What to do
What are the lines below, starting at the line containing "Los policias que" and ending at the line containing "Baifu Bridge is"? Write them out exactly, ends included, without pictures.

━━ Input material

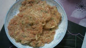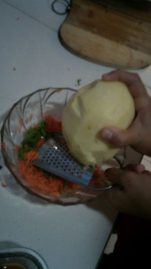 士豆洗净,去皮,擦丝,胡萝卜擦丝,too!
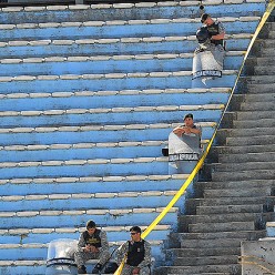 Los policias que ya se instalaron en la Tribuna Olímpica.
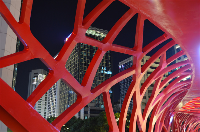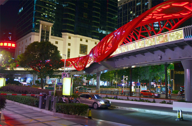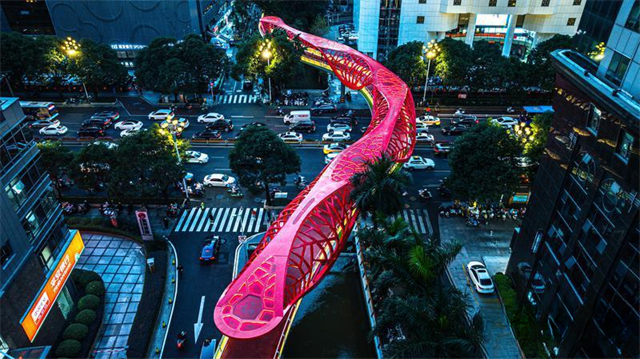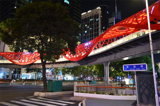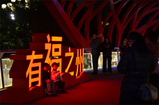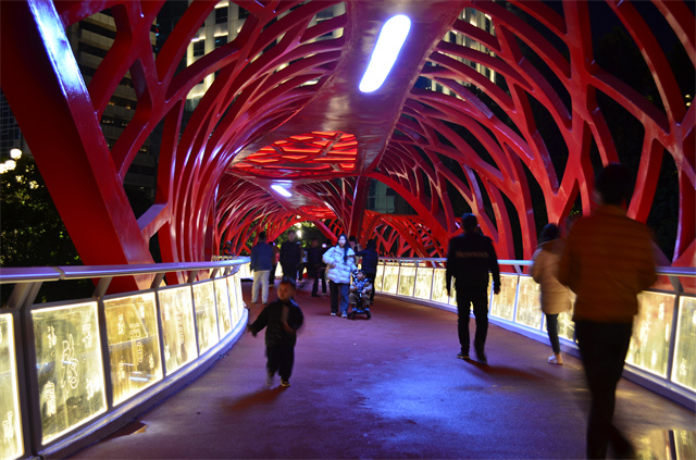 Baifu Bridge is the first elevated scenic walkway in the central urban area of Fujian Province. The most striking feature of the entire bridge is its exquisitely designed canopy, known as the "Hundred Blessings Crown," which is predominantly colored in Chinese red. The sections are adorned with panels inscribed with the character "Fu (blessing)" in various calligraphic styles. These diverse representations of Blessing bring an abundance of good fortune to everyone in the new year!
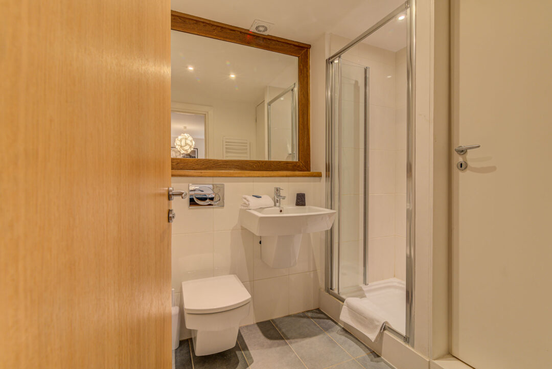 L’appartement est situé au rez-de-chaussée et dispose d’une entrée privée. Il comprend un salon/salle à manger/cuisine ouvert avec une table à manger, un canapé-lit, une télévision et un lecteur DVD. La cuisine est entièrement équipée avec un réfrigérateur-congélateur, un four, une cuisinière, un micro-ondes et une machine à café. Il y a 2 chambres et 2 salles de bains. La chambre 1 est une chambre double avec une salle de douche attenante comprenant un lavabo, des toilettes et une douche. La deuxième chambre est une chambre à deux lits avec deux lits simples. La deuxième salle de bains est accessible depuis le couloir et dispose d’une douche au-dessus de la baignoire, d’un lavabo et de toilettes. À l’extérieur, il y a une place de parking réservée juste en face de l’appartement et un accès à une terrasse commune et à une buanderie avec lave-linge/sèche-linge.
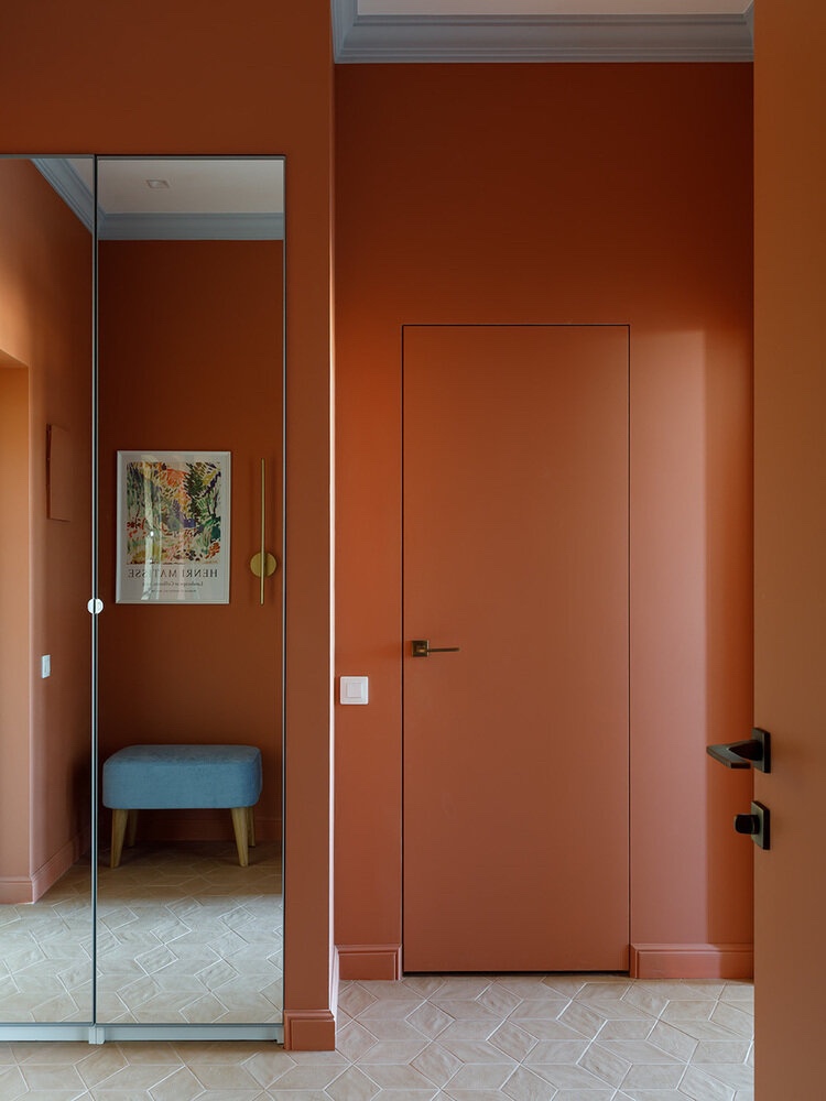 За да ја изненадите внатрешноста уште од самиот праг, обојте го ходникот во светла теракота сенка. Топлата палета на бои развеселува и оживува. Плочките со фин формат во комбинација со теракота даваат чувство на врел песок во медитеранско одморалиште.

━━━━

Result of this task
 Los policias que ya se instalaron en la Tribuna Olímpica.
 Baifu Bridge is the first elevated scenic walkway in the central urban area of Fujian Province. The most striking feature of the entire bridge is its exquisitely designed canopy, known as the "Hundred Blessings Crown," which is predominantly colored in Chinese red. The sections are adorned with panels inscribed with the character "Fu (blessing)" in various calligraphic styles. These diverse representations of Blessing bring an abundance of good fortune to everyone in the new year!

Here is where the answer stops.